The Daily Bible Readings for Wednesday, June 2, 2021

 

The Daily Bible Readings
Wednesday, June 2, 2021
Psalm 20; Numbers 6:22-27; Mark 4:21-25 (NIV)
with commentaries from Matthew Henry's Concise Commentary on the Bible


Today’s Verse-of-the-Day:
So Christ was sacrificed once to take away the sins of many; and he will appear a second time, not to bear sin, but to bring salvation to those who are waiting for him.
Life Lessons:
The greatest burden of all is our sin, because it keeps us in bondage, fragments our thinking, blinds us to the truth, discourages us, and prevents us from becoming all that God created us to be. Our sin enslaves us, no matter what it is—even if it doesn’t include addictions. It also separates us from the Lord because He is holy and despises ungodliness. Yet Christ is our great Sin-Bearer, because through Him we have forgiveness and freedom from our sin.

Today’s Lectionary Readings:
From the Psalter
Psalm 20
The Name of God


1 May the Lord answer you when you are in distress;
     may the name of the God of Jacob protect you.
2 May he send you help from the sanctuary
     and grant you support from Zion.
3 May he remember all your sacrifices
     and accept your burnt offerings.
4 May he give you the desire of your heart
     and make all your plans succeed.
5 May we shout for joy over your victory
     and lift up our banners in the name of our God.

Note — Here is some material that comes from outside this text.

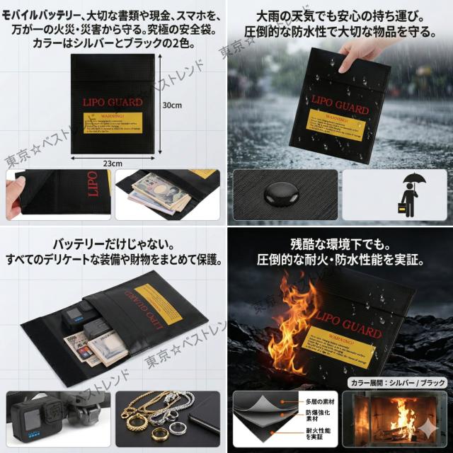 TB-LIPO GUARD 耐火バッグ バック 防爆袋 防火 袋 モバイルバッテリー 保管 リポバッテリー 防水 セーフティーバッグ 貴重品 書類 データ保護 防災グッズ 30×23cm A4相当 グラスファイバー ガラス繊維 不燃素材 マジックテープ 黒ブラック / 銀シルバー

  May the Lord grant all your requests.

6 Now this I know:
     The Lord gives victory to his anointed.
  He answers him from his heavenly sanctuary
     with the victorious power of his right hand.
7 Some trust in chariots and some in horses,
     but we trust in the name of the Lord our God.
8 They are brought to their knees and fall,
     but we rise up and stand firm.
9 Lord, give victory to the king!
     Answer us when we call!


Commentary
Psalm 20 is a prayer on behalf of the king. It is paired with Psalm 21, another royal psalm, which gives thanks for answered prayer on behalf of the king; both psalms pick up on motifs from Psalm 18, another royal psalm. The people pray for the king’s victory in battle (vv. 1–5), express trust that the Lord will give the victory (vv. 6–8), and conclude with a final petition for victory (v. 9).

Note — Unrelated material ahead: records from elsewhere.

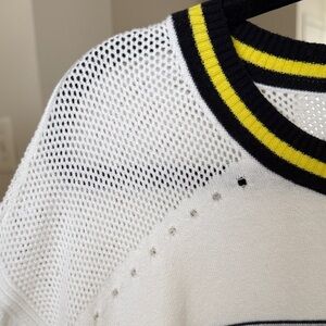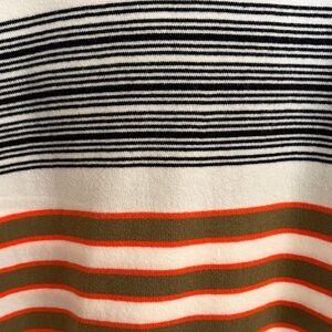 Chic sweater with black, orange, and yellow stripes. Perfect for any occasion.
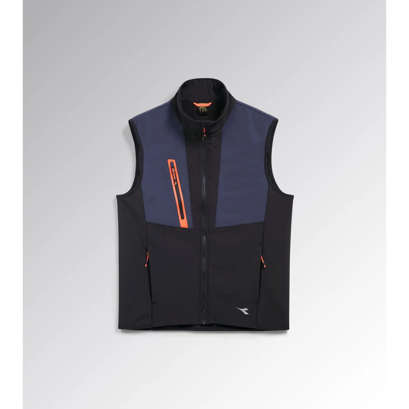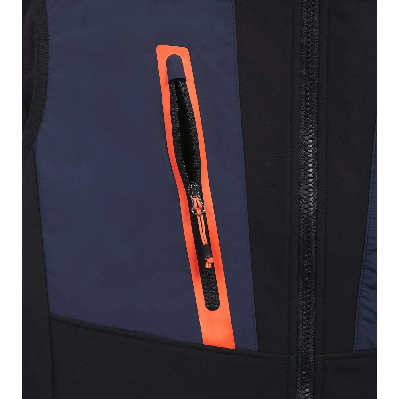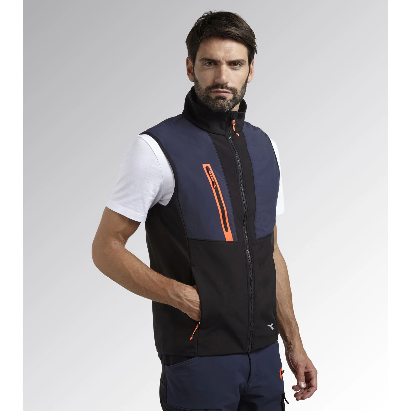 Ergonomic softshell and nylon dual-material vest. Two zipped side pockets and one front pocket with heat-sealed neon tape. Longer at the back for a better fit.
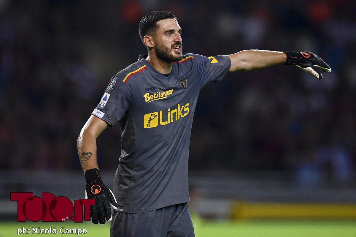 Wladimiro Falcone of US Lecce gestures during the Serie A football match between Torino FC and US Lecce.

Horse-drawn chariots were one of the primary weapons of warfare in the ancient Near East. Yet David knew that the determining factor of victory was not military might, but rather the name of God (v. 7). Having God on his side meant that the Israelites could “lift up [their] banners,” signifying triumph over their enemies (v. 5). This is the kind of confidence David had in God’s commitment to save “his anointed” (v. 6). Similarly, Jesus trusted in his Father to bring victory over sin and death by giving “his life as a ransom for many” (Mt 20:28). Consider Jesus’ admonishment of the disciples as they drew their swords to prevent his arrest: “Do you think I cannot call on my Father, and he will at once put at my disposal more than twelve legions of angels?” (Mt 26:53). Jesus showed perfect confidence in his Father’s power when he forewarned his disciples of his death while encouraging them that “on the third day he [would] be raised to life” (Mt 20:19). Scripture teaches that God is able and willing to save (Zep 3:17). It is the reason why so much of his Word reminds his people that they need not fear, for the battle belongs to the Lord (Dt 31:6; Isa 41:10; Ro 8:15; Heb 13:5–6).


A Reading from the Pentateuch
Numbers 6:22-27
Aaronic Blessing


6:22 The Lord said to Moses, 23 “Tell Aaron and his sons, ‘This is how you are to bless the Israelites. Say to them:

24 “‘“The Lord bless you
      and keep you;
25 the Lord make his face shine on you
      and be gracious to you;
26 the Lord turn his face toward you
      and give you peace.”’

27 “So they will put my name on the Israelites, and I will bless them.”

Commentary
The priests were solemnly to bless the people in the name of the Lord. To be under the almighty protection of God our Savior; to enjoy his favor as the smile of a loving Father, or as the cheering beams of the sun; while he mercifully forgives our sins, supplies our wants, consoles the heart, and prepares us by his grace for eternal glory; these things form the substance of this blessing, and the sum total of all blessings. In so rich a list of mercies worldly joys are not worthy to be mentioned. Here is a form of prayer. The name Jehovah is three times repeated. The Jews think there is some mystery; and we know what it is, the New Testament having explained it. There we are directed to expect the blessing from the grace of our Lord Jesus Christ, the love of the Father, and the communion of the Holy Spirit, 2 Corinthians 13:14; each of which Persons is Jehovah, and yet they are not three Lords, but one Lord.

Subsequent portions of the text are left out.